**Dataset records**
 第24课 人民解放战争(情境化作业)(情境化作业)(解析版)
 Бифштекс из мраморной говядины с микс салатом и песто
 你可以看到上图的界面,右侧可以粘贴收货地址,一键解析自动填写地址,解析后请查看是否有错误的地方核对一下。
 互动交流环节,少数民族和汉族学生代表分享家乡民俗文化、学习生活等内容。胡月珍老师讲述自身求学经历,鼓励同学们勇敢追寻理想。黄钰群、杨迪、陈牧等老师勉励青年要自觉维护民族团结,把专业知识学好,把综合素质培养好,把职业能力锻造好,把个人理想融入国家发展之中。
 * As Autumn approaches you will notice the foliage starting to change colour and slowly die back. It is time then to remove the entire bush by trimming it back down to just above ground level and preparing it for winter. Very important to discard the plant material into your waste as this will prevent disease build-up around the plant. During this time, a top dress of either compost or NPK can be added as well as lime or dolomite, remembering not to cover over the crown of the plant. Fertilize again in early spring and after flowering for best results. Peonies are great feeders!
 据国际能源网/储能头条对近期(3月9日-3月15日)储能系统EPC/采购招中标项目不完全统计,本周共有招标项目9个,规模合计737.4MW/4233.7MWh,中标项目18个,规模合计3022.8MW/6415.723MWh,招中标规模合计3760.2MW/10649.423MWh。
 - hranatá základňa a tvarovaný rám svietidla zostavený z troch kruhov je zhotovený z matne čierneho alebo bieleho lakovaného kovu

---

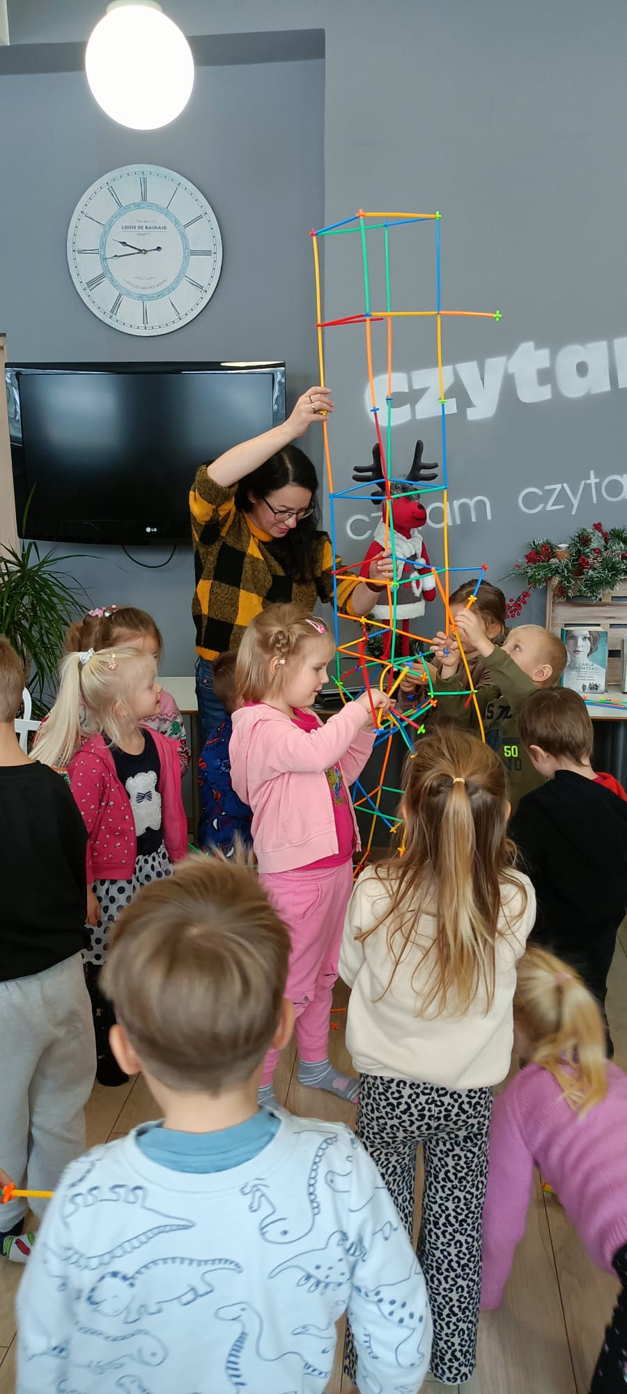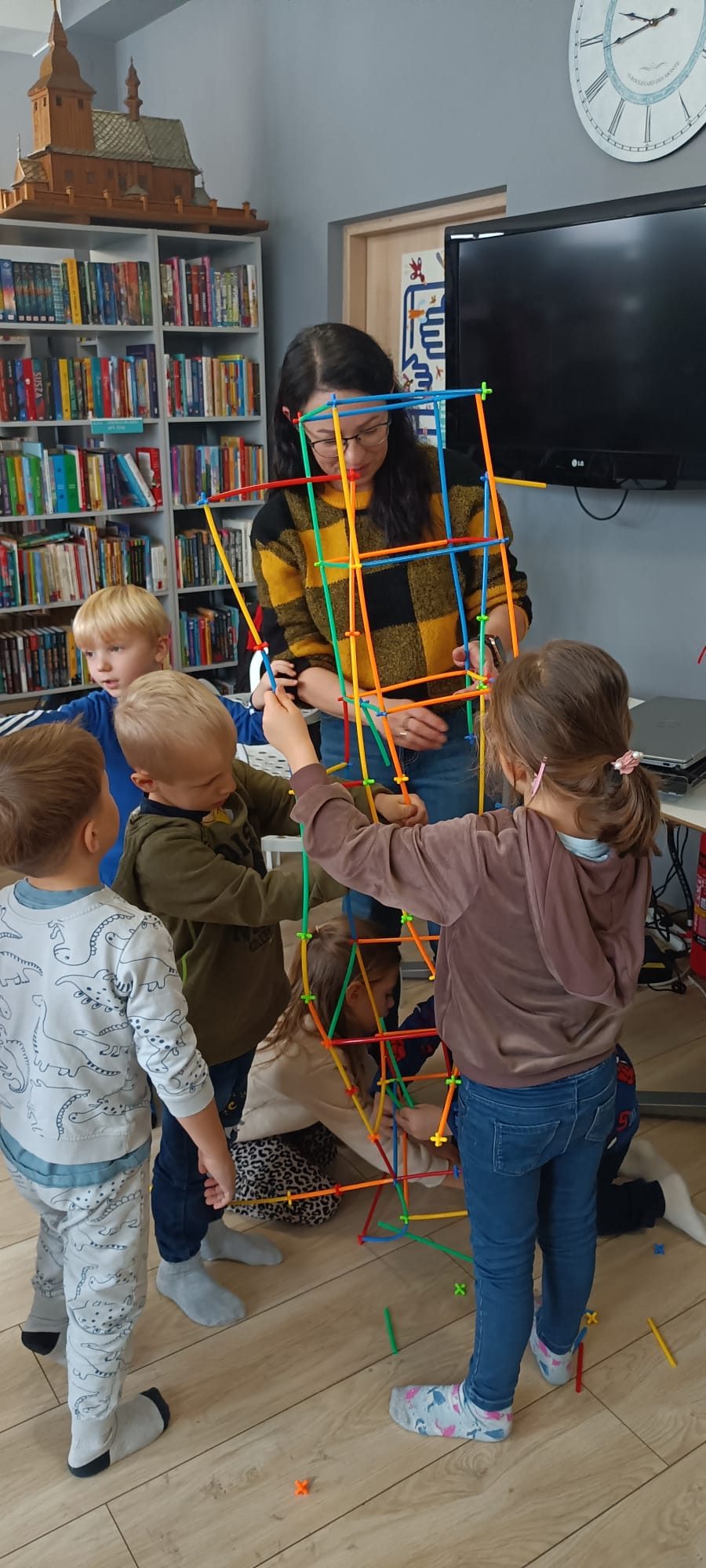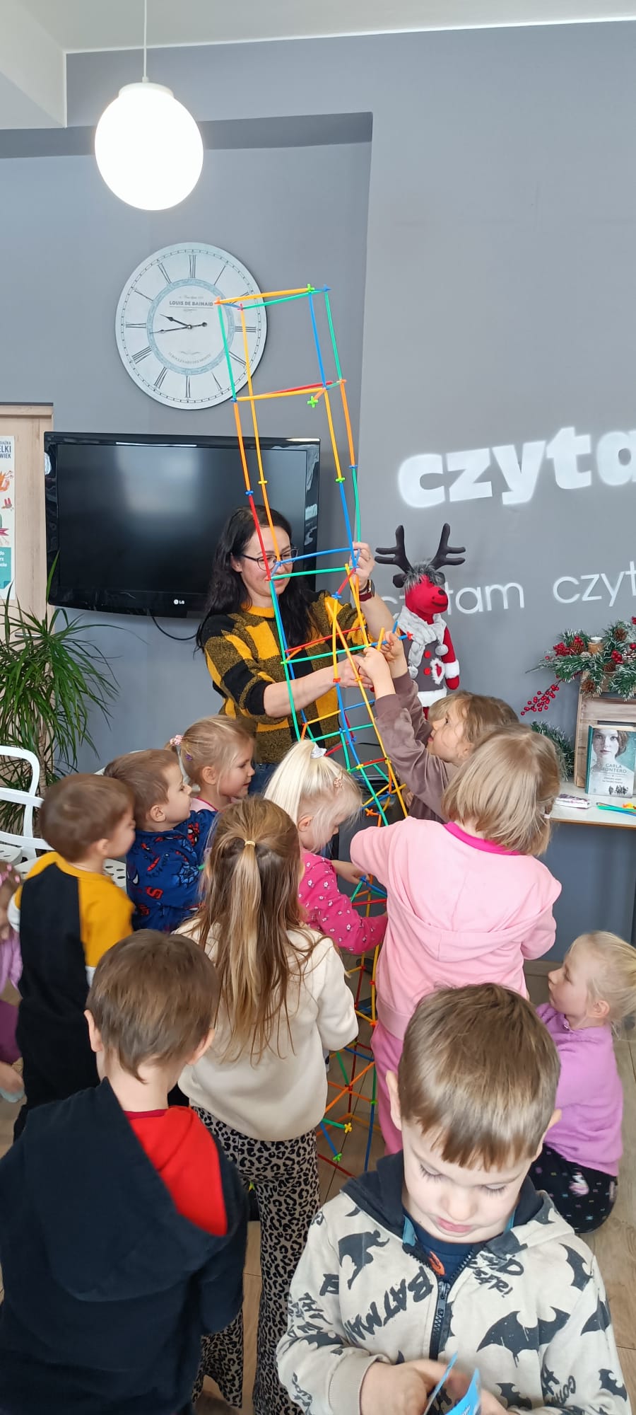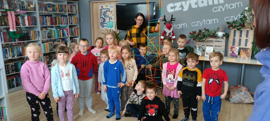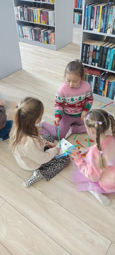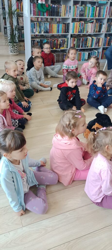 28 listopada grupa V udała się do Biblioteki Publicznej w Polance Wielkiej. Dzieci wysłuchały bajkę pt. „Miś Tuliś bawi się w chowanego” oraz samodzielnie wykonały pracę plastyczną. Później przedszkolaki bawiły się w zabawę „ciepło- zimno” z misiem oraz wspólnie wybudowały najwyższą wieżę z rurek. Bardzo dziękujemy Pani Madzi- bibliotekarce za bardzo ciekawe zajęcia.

...

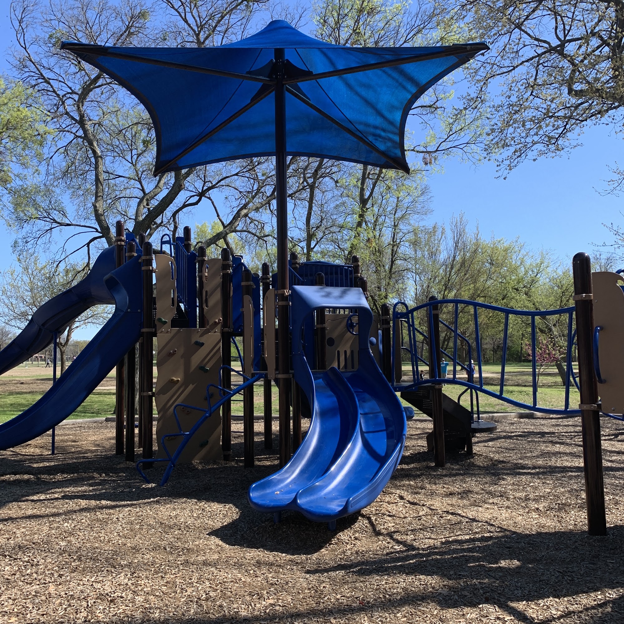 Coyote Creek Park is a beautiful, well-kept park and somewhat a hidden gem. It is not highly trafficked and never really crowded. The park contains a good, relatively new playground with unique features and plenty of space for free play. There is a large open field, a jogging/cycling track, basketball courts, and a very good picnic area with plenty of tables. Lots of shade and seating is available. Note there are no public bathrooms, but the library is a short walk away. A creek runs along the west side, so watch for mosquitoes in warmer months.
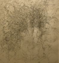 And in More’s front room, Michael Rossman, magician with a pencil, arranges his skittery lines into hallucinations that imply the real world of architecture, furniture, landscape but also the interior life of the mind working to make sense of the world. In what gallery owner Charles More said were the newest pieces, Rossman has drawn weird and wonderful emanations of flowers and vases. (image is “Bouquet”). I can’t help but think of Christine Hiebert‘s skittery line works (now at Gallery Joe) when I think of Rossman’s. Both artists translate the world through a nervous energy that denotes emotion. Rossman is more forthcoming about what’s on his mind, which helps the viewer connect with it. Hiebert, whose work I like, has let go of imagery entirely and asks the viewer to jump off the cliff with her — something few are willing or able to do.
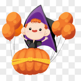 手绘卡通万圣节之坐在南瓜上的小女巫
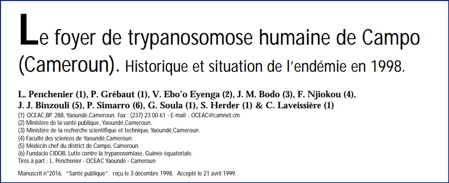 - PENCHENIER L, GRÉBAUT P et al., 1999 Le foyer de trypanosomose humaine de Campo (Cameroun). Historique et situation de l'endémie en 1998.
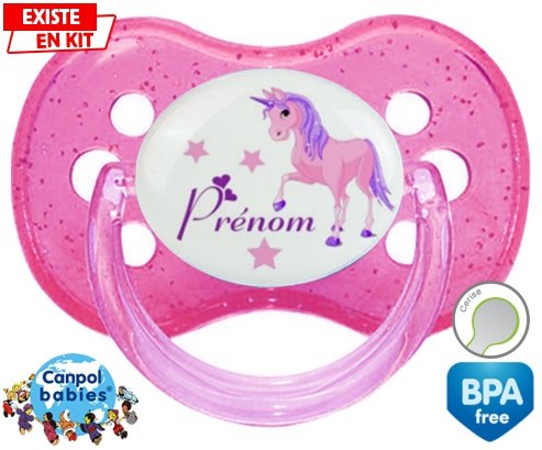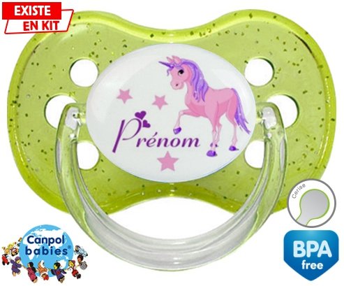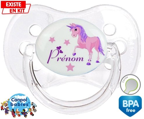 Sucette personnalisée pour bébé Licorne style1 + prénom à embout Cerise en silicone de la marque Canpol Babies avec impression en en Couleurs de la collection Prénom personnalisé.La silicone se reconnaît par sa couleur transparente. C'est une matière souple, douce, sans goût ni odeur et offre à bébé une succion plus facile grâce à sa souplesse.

**About this task**
With the line holding "第24课 人民解放战争(情境化作业)(情境化作业)(解析版)" as the first and the line holding "- hranatá základňa" as the last, set down that range of the entries above exactly, and nothing else.

**Reply to the task**
 第24课 人民解放战争(情境化作业)(情境化作业)(解析版)
 Бифштекс из мраморной говядины с микс салатом и песто
 你可以看到上图的界面,右侧可以粘贴收货地址,一键解析自动填写地址,解析后请查看是否有错误的地方核对一下。
 互动交流环节,少数民族和汉族学生代表分享家乡民俗文化、学习生活等内容。胡月珍老师讲述自身求学经历,鼓励同学们勇敢追寻理想。黄钰群、杨迪、陈牧等老师勉励青年要自觉维护民族团结,把专业知识学好,把综合素质培养好,把职业能力锻造好,把个人理想融入国家发展之中。
 * As Autumn approaches you will notice the foliage starting to change colour and slowly die back. It is time then to remove the entire bush by trimming it back down to just above ground level and preparing it for winter. Very important to discard the plant material into your waste as this will prevent disease build-up around the plant. During this time, a top dress of either compost or NPK can be added as well as lime or dolomite, remembering not to cover over the crown of the plant. Fertilize again in early spring and after flowering for best results. Peonies are great feeders!
 据国际能源网/储能头条对近期(3月9日-3月15日)储能系统EPC/采购招中标项目不完全统计,本周共有招标项目9个,规模合计737.4MW/4233.7MWh,中标项目18个,规模合计3022.8MW/6415.723MWh,招中标规模合计3760.2MW/10649.423MWh。
 - hranatá základňa a tvarovaný rám svietidla zostavený z troch kruhov je zhotovený z matne čierneho alebo bieleho lakovaného kovu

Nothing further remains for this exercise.